If the Center persists in its lawsuit, I will work to support the Fish and Wildlife Service's position in this case. My contribution may be small, but I will solicit my fellow outdoorsmen, anglers, and others to also support the Fish and Wildlife Service's position. If nothing else, I hope our contributions will diminish the Center's ability to bring further lawsuits that seek nothing more than government sanctioned restrictions on our enjoyment of nature.

Best regards,
[Name]


----------



## Nor-tah (Dec 16, 2007)

Thanks for the heads up! I just sent an email and attached some pics of some Co Cutts. That should get his attention.


----------



## Nor-tah (Dec 16, 2007)

Here is the response I received this morning.


> Gentleman,
> 
> I seem to have gotten the same letter from you both, suggesting a form. According to the Fish and Wildlife Service, the trout is gone from 87% of its historic range and is limited to small high elevation streams where they are at risk from habitat degradation, non-native trout and increasingly climate change. Don't take my word for it, see:
> 
> ...


----------



## Nor-tah (Dec 16, 2007)

I wrote back;


> It seems that declaring them "endangered" would only make things worse. If we can not fish for them and release them unharmed there will be much funding lost to help re establish them. Am I wrong?


He wrote back;


> It's more likely they would be listed as threatened, in which case fishing can still occur as it does for a number of species listed under the Endangered Species Act


----------



## Dodger (Oct 20, 2009)

I got the same response as Nor-tah.

These guys are treating this fish as a political football. States are better at maintaining these fish than the feds.


----------



## Packfish (Oct 30, 2007)

I sent an email- didn't copy the above one- just went at it from a different angle.


----------



## Dodger (Oct 20, 2009)

Sounds great. Thanks!


----------



## Catherder (Aug 2, 2008)

These are the folks who tried the same thing with the Bonneville cutts a couple of years ago. Due to the good restoration work already done by the DWR, aided by private organizations like TU, the suit was found to be without merit. I suspect this one will be as well. The DWR response is listed here.
http://blogs.sltrib.com/fishing/index.php

I can't help but wonder if the reasoning for these suits isn't to try and mess up fishing in the state, possibly for purposes related to the animal rights movement. (in spite of disclaimers to the contrary by them)

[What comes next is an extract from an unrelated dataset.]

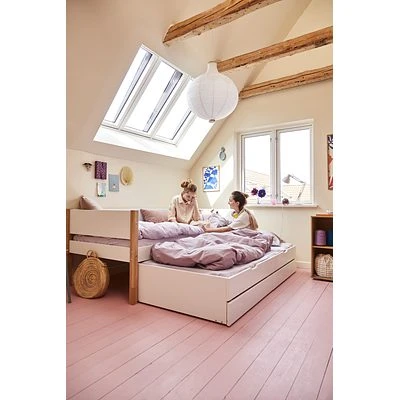 - Das Bett ist leicht erhöht, damit das Ausziehbett und die Schubladen darunter passen. Durch das Auziehbett hat der Besuch immer einen Schlafplatz und die Schubladen liefern zusätzlichen Stauraum für z.B. Bettwäsche.
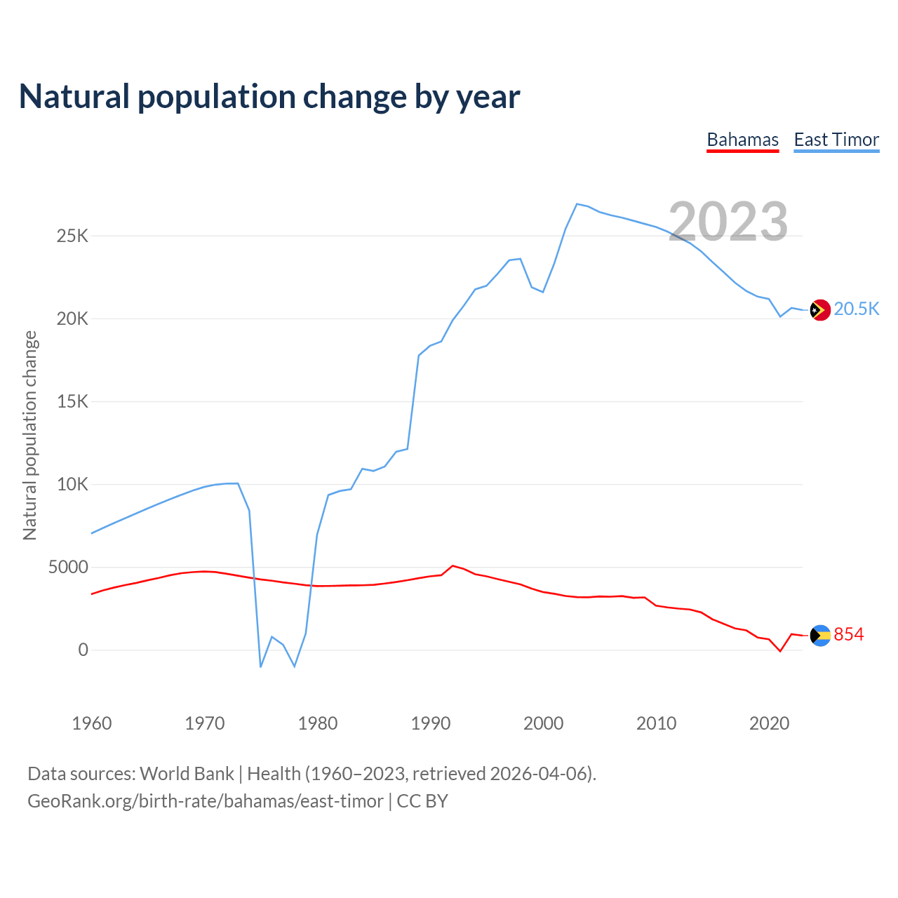 The Bahamas has an annual birth rate of 10.9 births per 1,000 people, compared to 22.1 for East Timor. The average number of children a woman is expected to have during her lifetime — the fertility rate, is 1.37 in the Bahamas and 2.71 in East Timor — 97.2% difference.

As for how to deal with this crowd, it may make you feel better, but I don't think writing letters to them will do very much good. They tend to thrive on attention and that just gives them more. The best thing one could do is support and contribute to the DWR's CRC and Bonneville restoration efforts, join and contribute to Trout Unlimited and other REAL conservation organizations, and maybe gripe a bit less if some stream you fish that is packed with stunted brookies or browns gets poisoned and switched over to CRC or Bonneville management. Do these things and Noah Greenwald and his crew will not have a leg to stand on in court.


----------



## 280Remington (Jun 2, 2008)

Bull trout are listed. You can still fish for them. I am not getting how this is necessarily bad for fishermen. Come up with a better argument than you don't want Washington DC managing fish in Utah. Actually come up with a real example of where fishermen got the shaft when a fish was listed.


----------



## Dodger (Oct 20, 2009)

280Remington said:


> Bull trout are listed. You can still fish for them. I am not getting how this is necessarily bad for fishermen. Come up with a better argument than you don't want Washington DC managing fish in Utah. Actually come up with a real example of where fishermen got the shaft when a fish was listed.


Ummm, no, you can't. Bull Trout fishing is closed anywhere in their range where they are considered "endangered." Here's the rules for Montana. You can only intentionally fish for them in 4 places throughout the whole state. How's that for a real example?

http://fwp.mt.gov/content/getItem.aspx?id=37069

If you want to be able to fish for Colorado River Cutts in 4 places in this state, don't send an email.

Furthermore, you are sorely mistaken if you think that having Washington D.C. run our lakes and rivers would be a good thing. It can't even manage its own lakes and rivers. Have you seen the Potomac? The male largemouths in the Potomac are turning into females. The Anacostia river supports nothing but catfish.

That's pretty ample precedent for making sure Washington stays in Washington.


----------



## Dodger (Oct 20, 2009)

Catherder said:


> These are the folks who tried the same thing with the Bonneville cutts a couple of years ago. Due to the good restoration work already done by the DWR, aided by private organizations like TU, the suit was found to be without merit. I suspect this one will be as well. The DWR response is listed here.
> http://blogs.sltrib.com/fishing/index.php
> 
> I can't help but wonder if the reasoning for these suits isn't to try and mess up fishing in the state, possibly for purposes related to the animal rights movement. (in spite of disclaimers to the contrary by them)
> ...


I suspect that it is part of the animal rights movement. If it isn't, it is probably a more ethereal "man is messing up nature" argument.

I disagree that sending emails to them won't do any good. It will cost them money that they can't spend on other things. Noah Greenwald lost a whole day's worth of time responding to just me and Nortah. Do that enough times, keep their servers busy, it's going to cut into their pocket book.

I do agree that restoration efforts should be done and supported. But, we can walk and chew gum at the same time.

I think, from a legal perspective, this suit is a loser. That doesn't mean I don't want to teach them a lesson.


----------